How to escape the Linux networking stack

(blog.cloudflare.com)

148 points meysamazad | 2 comments | 17 Nov 25 15:49 UTC | HN request time: 0.606s | source

Show context

notepad0x90 ◴[17 Nov 25 20:18 UTC] No.45957801[source]▶

I'm slightly surprised cloudflare isn't using a userspace tcp/ip stack already (faster - less context switches and copies). It's the type of company I'd expect to actually need one.

replies(2): >>45958128 #>>45959181 #

nomel ◴[17 Nov 25 22:33 UTC] No.45959181[source]▶

>>45957801 #

> faster - less context switches and copies

Aren't neither required these days with the "async" like and zero-copy interfaces that are now available (like io_uring, where it's still handled by the kernel), along with the nearly non-existence of single core processors in modern times?

replies(1): >>45962541 #

1. majke ◴[18 Nov 25 08:03 UTC] No.45962541[source]▶

>>45959181 #

> > faster - less context switches and copies

This is very much newbie way of thinking. How do you know? Did you profile it?

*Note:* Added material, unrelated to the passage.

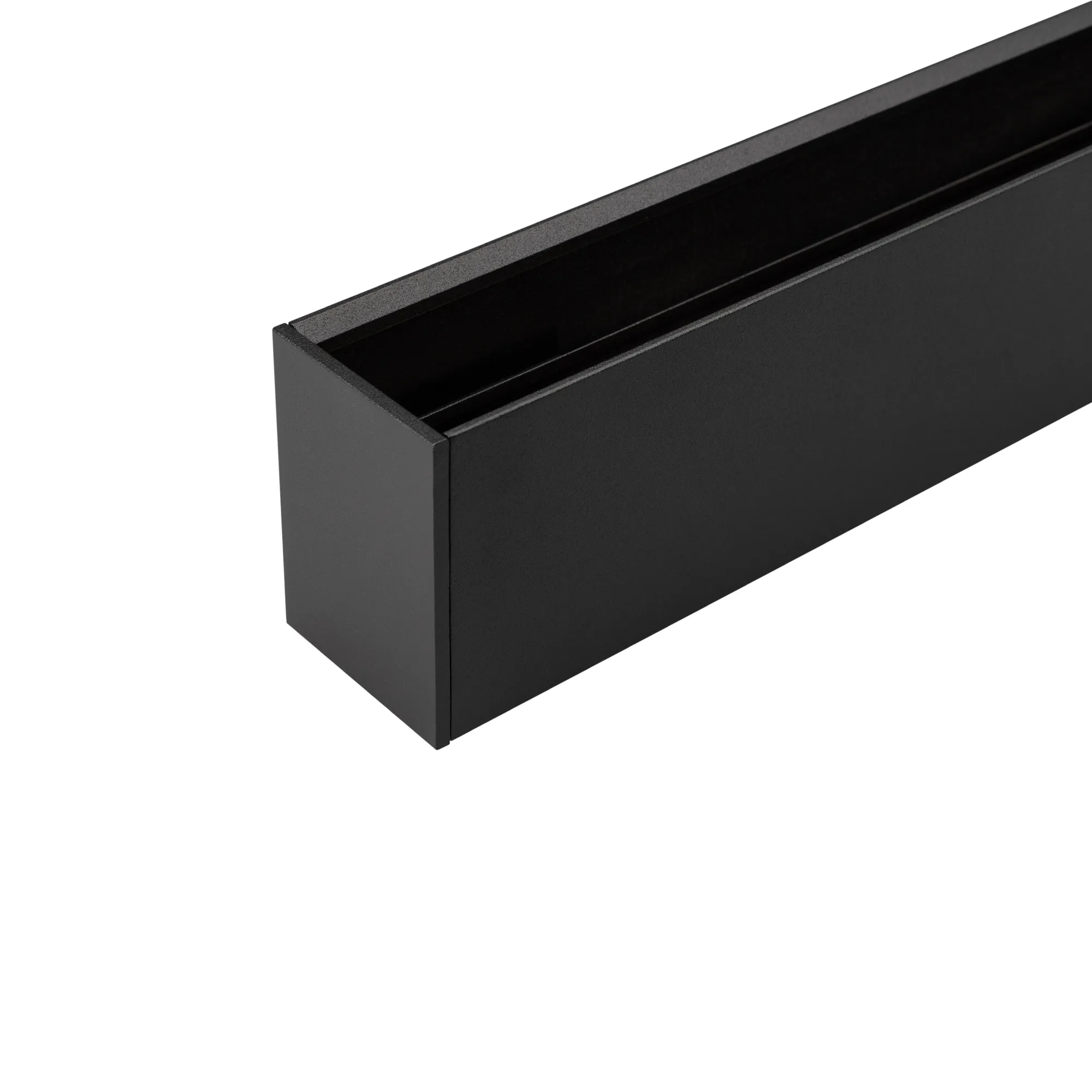 Подвесной, накладной, встраиваемый в нишу магнитный трек, длина 3000мм. DC24V. Материал алюминий, цвет черный. Две заглушки в комплекте. Размер ДxШxВ: 3000x45x63мм. Размер (с учетом заглушек) ДxШxВ: 3006x45x63мм. При встраиваемом монтаже установка в отверстие ДхШхВ 3007x46x63. Аксессуары для подвесного монтажа в комплект не входят.

It turns out there is surprisingly little dumb zero-copy potential at CF. Most of the stuff is TLS, so stuff needs to go through userspace anyway (kTLS exists, but I failed to actually use it, and what about QUIC).

Most of the cpu is burned on dumb things, like application logic. Turns out data copying and encryption and compression are actually pretty fast. I'm not saying these areas aren't ripe for optimization - but the majority of the cost was historically in much more obvious areas.

replies(1): >>45969802 #

2. notepad0x90 ◴[18 Nov 25 18:03 UTC] No.45969802[source]▶

>>45962541 (TP) #

> This is very much newbie way of thinking. How do you know? Did you profile it?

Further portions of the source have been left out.